Now there was a statement that just begged a question, and if he asked it he’d have laid money on her being able to produce a first-class sob story… Ironically, he was half inclined to believe it might even be true! If this was acting, it was Oscar-class stuff.

‘Simple philanthropy rarely covers my mother’s behaviour…’

‘It’s true,’ Kat fired back, angry on Drusilla’s behalf. ‘Your mother was being kind to me, offering me the job…not that I’m not very well qualified.’ She frowned fiercely and divided her glare that said she was willing to defend her credentials between both men. ‘You see, she went to school with my mum and she knew I was in a bit of a fix…moneywise…’ An uncomfortable flush mounted her smooth cheeks as she hastily skipped over this subject.

‘I can’t help but feel it might have been simpler all round if she’d just given you the money, not foisted you on me.’

Kat’s eyes widened in indignation. ‘I don’t take charity!’

‘A girl with principles,’ he drawled.

‘You find that funny?’ she snapped from between clenched teeth.

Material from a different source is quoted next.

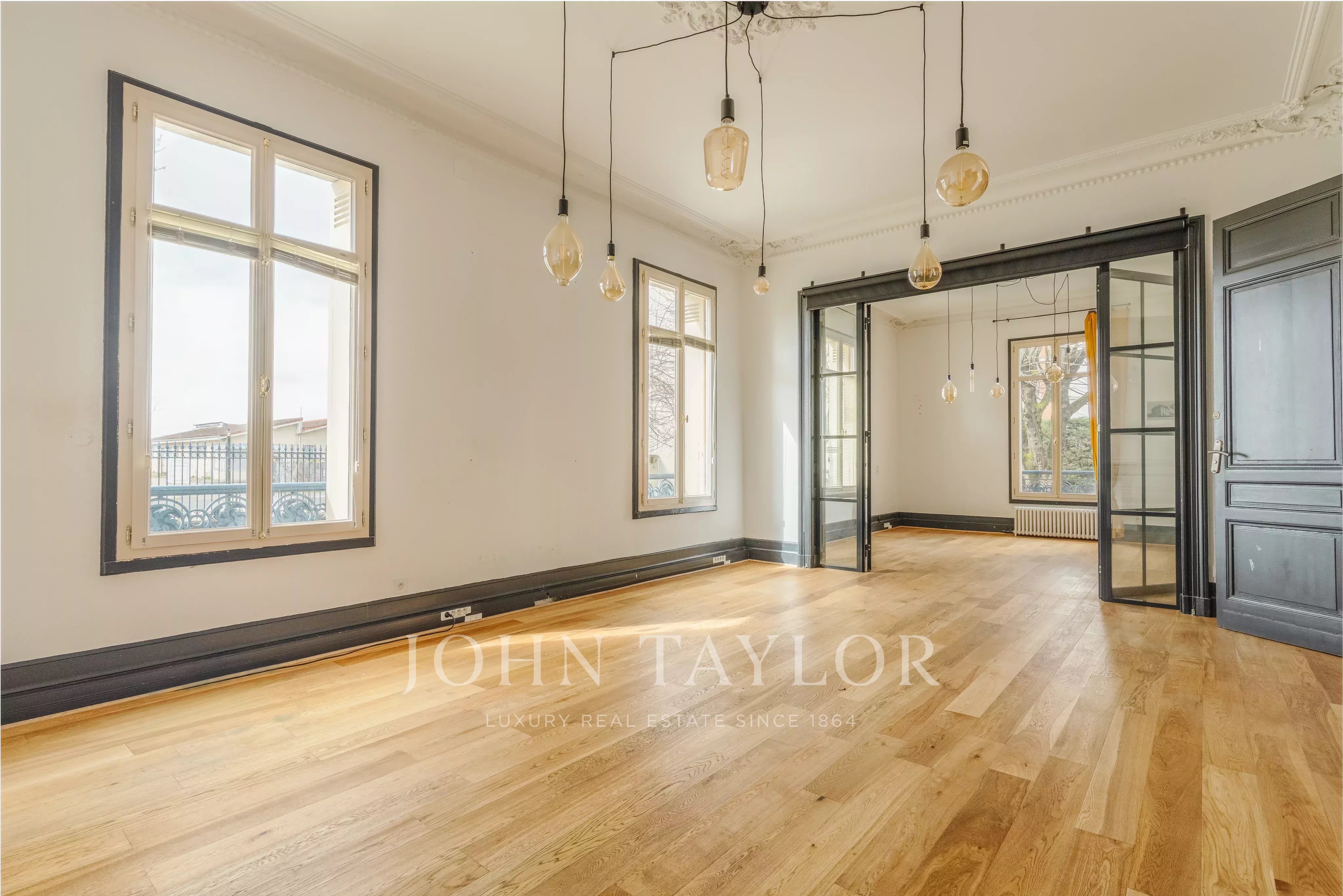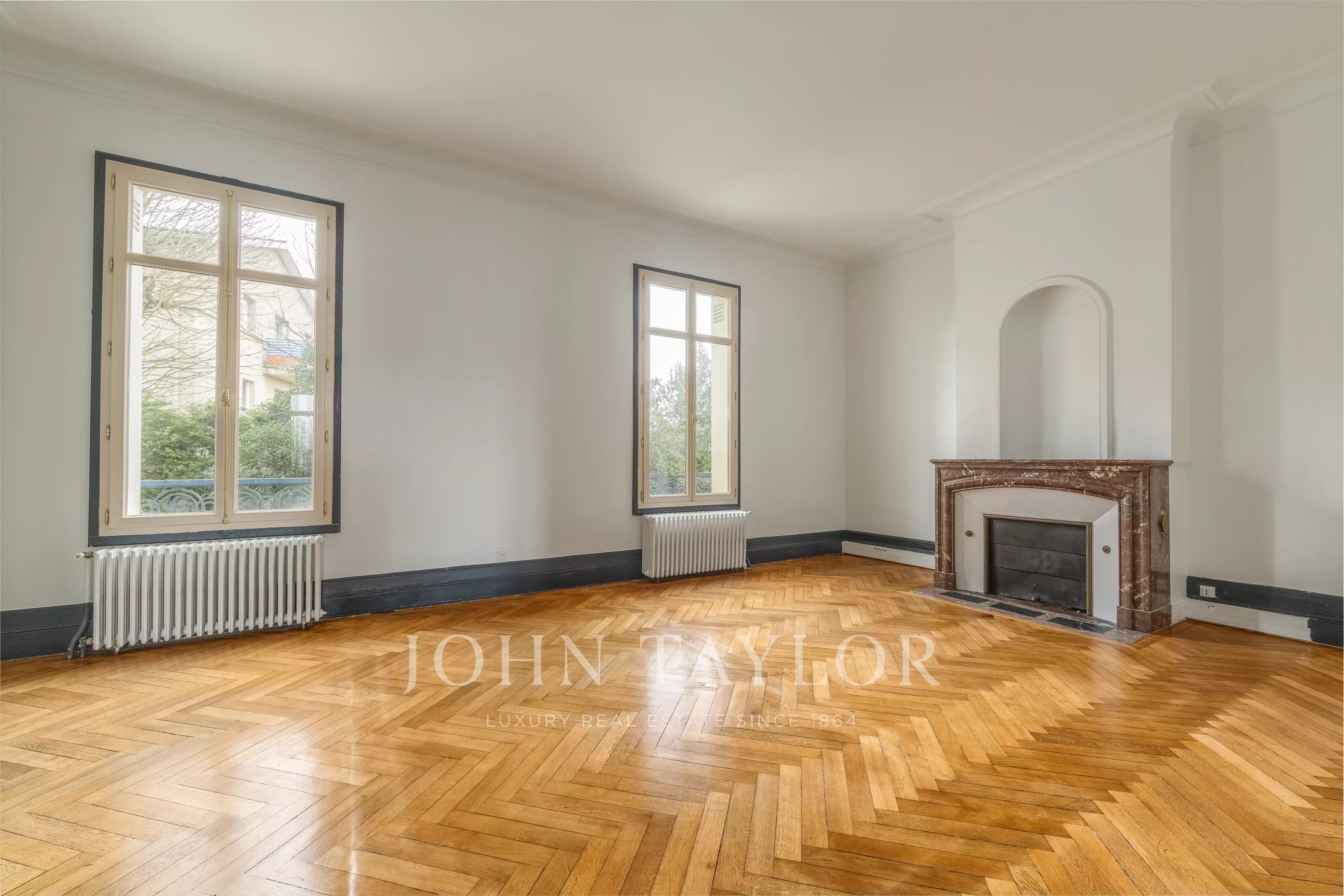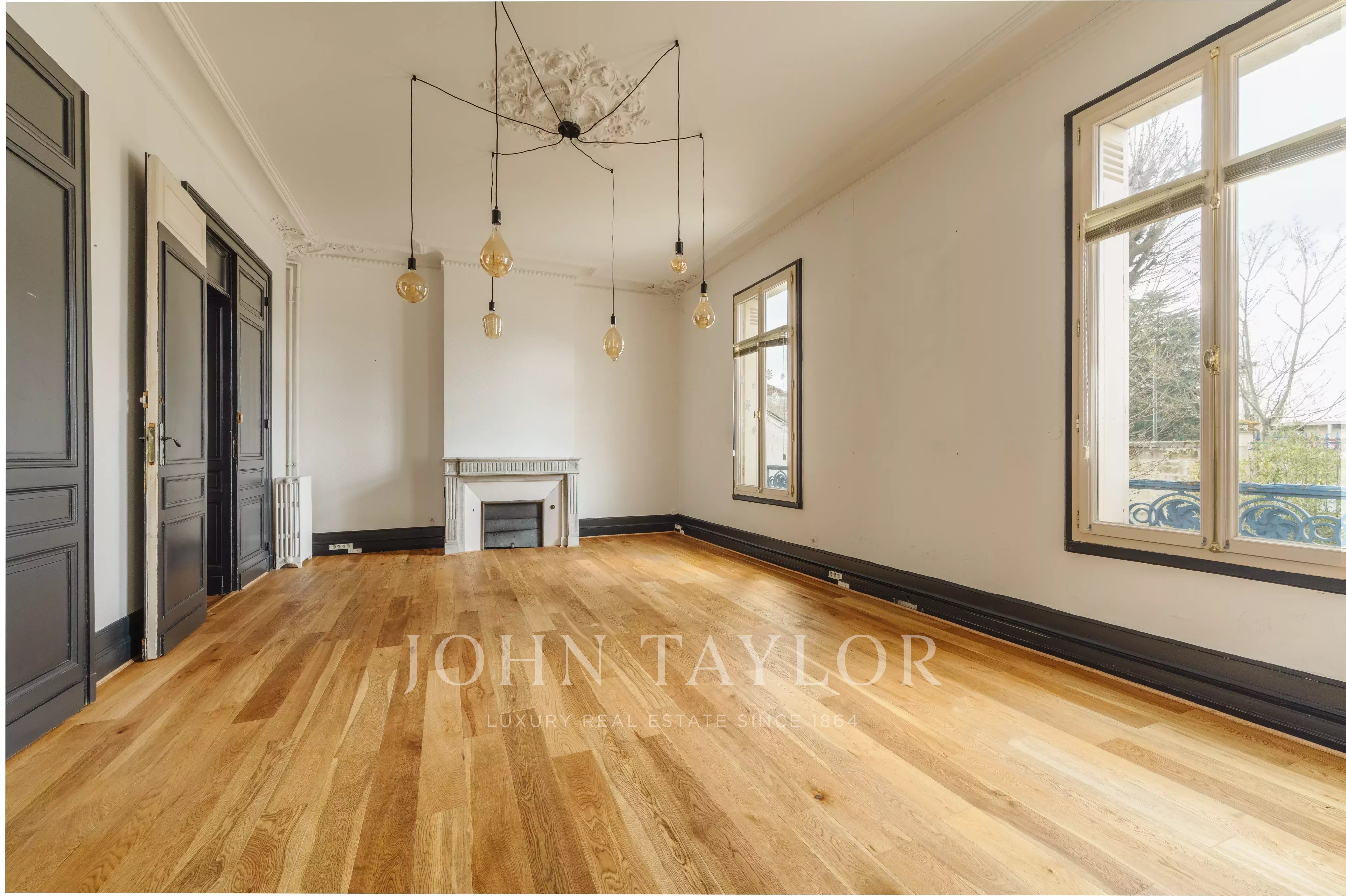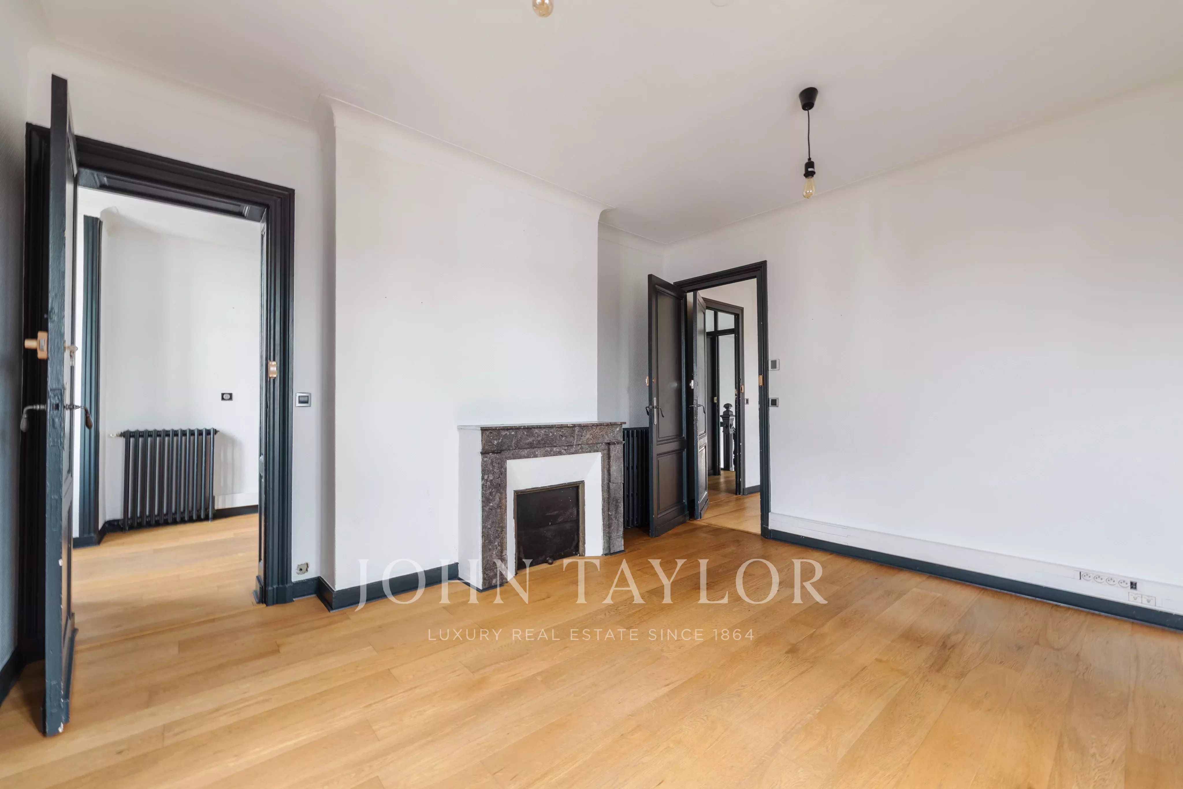 Les volumes intérieurs séduisent par leurs belles hauteurs sous plafond, leurs moulures, parquets anciens rénovés et cheminées d’époque, conférant à l’ensemble un cachet rare et une atmosphère élégante.

‘I find it commendable,’ he replied with such patent insincerity that Kat felt like hitting him over the head with one of his crutches. She didn’t normally have such violent inclinations, but he was an extremely trying man.

‘I’m more than capable of working for my money…’

‘And is this…project paying very well?’

This was one nasty insinuation too many, as far as Kat was concerned. ‘Let’s just say that I’d need to be getting an awful lot more if the job description included trying to get romantic with you! I don’t mean to be rude—’

‘You do surprise me—’

‘—but you did ask,’ she finished defiantly. ‘And I don’t know why you’re acting so offended. Nobody’s suggested you’re stupid and avaricious enough to agree to marry someone if you were paid enough!’

‘I don’t think my mother paid you.’

He didn’t add that the prospect of being his wife would be financial inducement enough for a lot of women… Maybe not this woman…? Definitely not this woman! It had been some time since he’d met a starry-eyed idealist, which no doubt accounted for the fact it had taken him so long to recognise this one. In his opinion, idealism was a dangerously unpredictable trait.

Her brows shot up in elaborate surprise. ‘You think I’d do it for free?’ she flung back childishly.

For the first time she glimpsed a flicker of genuine humour in his electric blue eyes.

‘I think she was relying on propinquity and my natural charm to do the job,’ he responded drily. He smiled and provided her with a brief but dazzling flash of that charm. ‘You look dubious…but, you see, mothers,’ he explained gravely, ‘are notoriously blind when it comes to their off-spring.’

‘I didn’t mean to be—’

Matt waved aside her protest with a faint movement of his long tapering fingers. ‘Personal…I know. For someone who is keen on professional detachment, you cram in more insults per minute than anyone else I’ve ever met.’